Quinnipiac Assignment #04 – Media Convergence

Quinnipiac Assignment #04 – Media Convergence

Once again, we did not have to prepare a YouTube video. Therefore, instead, I am going to reprint one of my essays, in its entirety. This one is about media convergence. As media (print, television, Internet, etc.) all becomes deliverable on one piece of hardware (generally a smartphone or an iPad), and one is advertised or copied or shared on another, should our metrics and means of measuring reach, etc. on these platforms also diverge? And what does that mean for the future of measurement?


Media Convergence

Wishing and Hoping AKA The Past

Back even before television was three channels, data was gathered via Nielsen ratings. Nielsen started in the 1920s but didn’t really get into media analysis until the 1942 radio index. In 1950, it was followed by the television index. (Nielsen, 90 Years, http://sites.nielsen.com/90years/). By 2000, Nielsen had gotten into measuring Internet usage.

Throughout most of this nine-decade period, media was siloed. Radio was analyzed one way, television another, etc. But it was mainly counting. How many people watched a show? How many listened to a particular radio station? With 1987’s People Meter (Nielsen, 25 Years of the People Meter, http://www.nielsen.com/us/en/newswire/2012/celebrating-25-years-of-the-nielsen-people-meter.html), an effort was made to gather more granular data, and to gather it more rapidly. However, Nielsen’s efforts were still confined to extrapolated samples. Was their sampling correct? In 1992, the People Meter was used for the first time in an attempt to measure Hispanic viewing habits. But even in 2012, the total number of people meters in use was in a mere 20,000 households. Were the samples representative? It’s hard to say.

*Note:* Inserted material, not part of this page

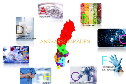
Bild: Ny ansvarsfördelning av våra prioriterade produktkategorier

För att effektivisera arbetet beslutades även att respektive inköpsregion fick nationellt ansvar för en utpekad produktkategori där riskerna är särskilt höga. Ansvaret innebär att ta fram en långsiktig handlingsplan, genomföra avtalsuppföljningar och revisioner, föra leverantörs- och branschdialoger och dela resultat och information med övriga landsting och regioner. Beslut fattades även att utöka våra tidigare sju prioriterade produktkategorier med området livsmedel. Nedanstående bild visar vilka riskområden respektive inköpsregion ansvarar för.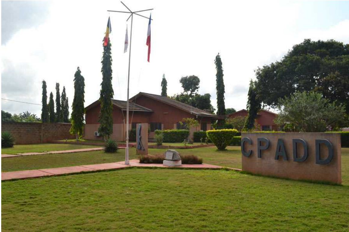
<CPADD à Ouidah>

Here and Now AKA It’s Better, But ….

Social media qualitative measurements, including sentiment analysis, are an effort to understand viewer, user, and listener behaviors. Nielsen and the like measure quantifiable information such as time on a channel (or page). But qualitative measurement goes beyond that, in an effort to understand why people visit a website. Topsy, for example, measures the number of positive and negative mentions of a site, product, service, celebrity, etc. Yet a lot of this is still quantitative data. Consider Martha Stewart as a topic of online conversation.

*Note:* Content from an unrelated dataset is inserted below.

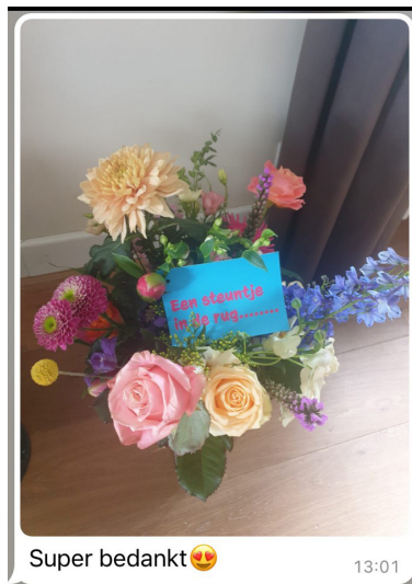
Super bedankt 😊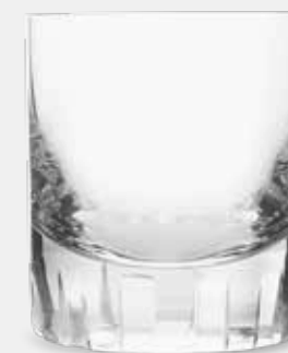
Nápojová sada na whisky ve spolupráci se značkou Moser. Sada sestávající z karafy se zabroušenou zátkou a dvou skleniček.

Adventures in Career Changing | Janet Gershen-Siegel | Quinnipiac Assignment 04 – ICM 524 Media Convergence
Martha Stewart on Topsy, June 9, 2014

 

All we can see are numbers, really (the spike was on the day that a tweet emerged claiming that Martha Stewart had a drone). This is still counting. There are no insights into why that tweet resonated more than others.

Media convergence is mashing everything together in ways that audiences probably didn’t think were possible even a scant thirty years ago. But now, we watch our television shows online, we are encouraged to tweet to our favorite radio stations, our YouTube videos become part of television advertising, and our Tumblr images are being slipped into online newspapers. All of this and more can be seen on our iPads. Add a phone to this (or just use an iPhone or an Android phone instead of an iPad), and you’ve got nearly everything bundled together. How is this changing analytics? For one thing, what is it that we are measuring? When we see a music video on YouTube, are we measuring viewer sentiments about the sounds or the images? When we measure a television program’s Facebook engagement, is it directly related to the programming, to the channel, to viewer sentiment about the actors or the writers, or something else? What does it mean to like or +one anything anymore, when a lot of people seem to reflexively vote up their friends’ shared content?

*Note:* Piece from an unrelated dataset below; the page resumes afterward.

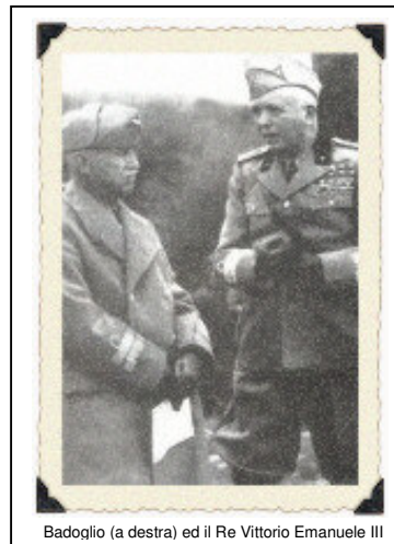
Badoglio (a destra) ed il Re Vittorio Emanuele III

Testo del comunicato radio letto dal Maresciallo Badoglio l'8 settembre '43 "Il Governo Italiano, riconosciuta la impossibilità di continuare la impari lotta contro la soverchiante potenza avversaria, nell'intento di risparmiare ulteriori e più gravi sciagure alla nazione, ha chiesto l'armistizio al generale Eisenhower comandante in capo delle forze alleate anglo-americane. La richiesta è stata accolta. Conseguentemente ogni atto di ostilità contro le forze anglo-americane deve cessare da parte delle forze italiane in ogni luogo. Esse però reagiranno ad eventuali attacchi da qualsiasi altra provenienza."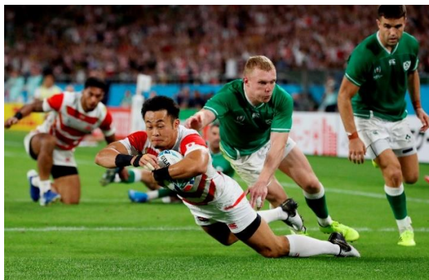
「福岡の逆転トライ」

列島興奮！本当に盛り上がりましたラグビーワールドカップ。 日本代表をいつまでも見ていたくなるような素晴らしいチームでした。心も体もドーンと来る選手たちをドーンと撮影する。カメラマンもワールドカップとの戦いです。愛をこめての真っ向勝負。カメラから火が出そうほどシャッターを押しまくりました。目下の悩みは、いまだラグビーロスが激しく、ちっとも仕事に身が入らないという現場カメラマンが報告します。約300点の報道写真展と併せて、ぜひお越しください。

I believe that our analysis has got to converge as our media and our devices converge. After all, what is the online experience these days? On any given day, a person might use their iPad to look up a restaurant on Yelp, get directions on Google Maps, view the menu on the restaurant’s own website, check in via FourSquare, take a picture of their plate and upload it to Instagram, and even share their dining experience via a Facebook photo album, a short Vine video or a few quick tweets. If the restaurant gets some of that person’s friends as new customers, where did they come from? The review on Yelp? The check in via FourSquare? The Vine video? The Facebook album? The tweets? The Instagram image? Or was it some combination thereof?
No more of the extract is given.